Monday, February 14, 2011

Those Nasty F-Bombs

Those nasty f-bombs. They are everywhere.

I hear them uttered while I'm walking through the mall, with all kinds of accents attached to them, from unknown Eastern European to something South American.

I hear them on TV, if I'm watching something racy on HBO, that is.

I hear them, or better yet, see them mouthed on TV, along the sidelines of a football game by a coach whose team just got burned by a penalty flag or a challenged call not overturned. Cameras are oh so quick to zoom in on the colorful coach who TV directors calling the shots and camera angles from the truck know are mouthing something unprintable.

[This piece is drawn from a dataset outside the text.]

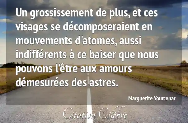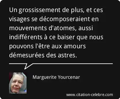Un grossissement de plus, et ces visages se décomposeraient en mouvements d'atomes, aussi indifférents à ce baiser que nous pouvons l'être aux amours démesurées des astres.

Rex Ryan, says the director, we love you. We can't hear what you're saying, we can't retransmit what you're saying and we can't let our announcers and sideline reporters repeat what they know you just said. But we can let our viewers, ages 9 to 90, watch you mouth the f-bomb.
Networks live for these moments. Or so it seems. It's ESPN's Jon Gruden as he guided the Tampa Bay Buccaneers to a Super Bowl championship. It's Ozzie Guillen, as he rants over a call against his White Sox or angrily laments over the firing of his son from the Sox organization because his son tweeted something as foul as Ozzie often launches aloud.
We laugh. We repeat the word aloud. In our living rooms, comfortably ensconced on our couches and recliners. We chuckle over it. We profess admiration and respect for the athletes and coaches who don't hesitate to utter an f-bomb when it suits them over a play that has gone against them.

It's gotten so commonplace in sports that it has completely spilled over into life. Hey, if it's OK for some of our sporting heroes to mumble f-bombs that are easily recognized by even the most-casual of lip readers watching live on a Sunday afternoon or in prime time, then we figure it's OK for us to do it too. And our kids.

Athletes and sportsmen profess to not be role models. Yet, they mutter the f-bomb word regularly and follow it up with a "WTF."

WTF? What the (f-bomb) does that mean? Uh, that's exactly what it means. Athletes and coaches are the people Americans look up to, yet they f-bomb away freely, on HBO documentary specials covering football teams in training camp or, as aforementioned, along the sidelines when questioning what they feel is a bad call or what should become or should have become an overturned call upon the flinging of the f-bombing challenge flag.

Fans in front of their TVs and all throughout sold-out stadiums and high school gyms utter the word over and over. Sometimes they use the "push it" chant in unison to simulate their feelings for a call with which they disagree. "Push it, push it."

Get it, get it?

So, next time your 9-year old lets an f-bomb rip or mutters "WTF" when asking what this sordid-looking vegetable is you're trying to get him or her to eat, remember, they either got it listening to you yell at the TV when a call went against your team or when the coach or manager made a questionable decision with which you disagreed.

Or they watched Rex Ryan or Ozzie Guillen repeat it over and over.

Funny, I watched Rex Ryan play ball in high school when he roamed sideline to sideline for his alma mater, Stevenson, in Lincolnshire, Ill. Don't recall hearing him say the f-bomb then, although he likely did under his breath, trash-talking an opponent out of earshot of a referee. I've heard it all walking the sidelines at football games, from coaches, players and most definitely fans.

Schools and park districts have instituted rules that spectators and participants for that matter can't utter language like that and get away with it. There will be a penalty, a technical foul, maybe a dismissal from the game.

As fans cheer the offender being chased off the field, someone, somewhere in the arena is asking, "WTF?" But when it's your turn, don't forget to carefully craft your answer to your kid when he or she inquires about the dismissal of said player, coach or fan by asking you the same thing. And don't have a surprised look on your face when that happens while your kid has an innocent look and the built-in excuse that he lip-read Rex Ryan and Ozzie Guillen doing it.

I mean, after all, WTF?

***
Howard Schlossberg is editor of the "Journal of Sports Media," a twice yearly academic research-based publication featuring the latest and best on trends in the genre from the best minds studying it in the industry. He's also an associate professor of journalism at Columbia College Chicago and a sports correspondent for "The Daily Herald," a Paddock Publications product out of Arlington Heights, Ill. And he ain't gonna' let any WTF-bombs get into the journal either.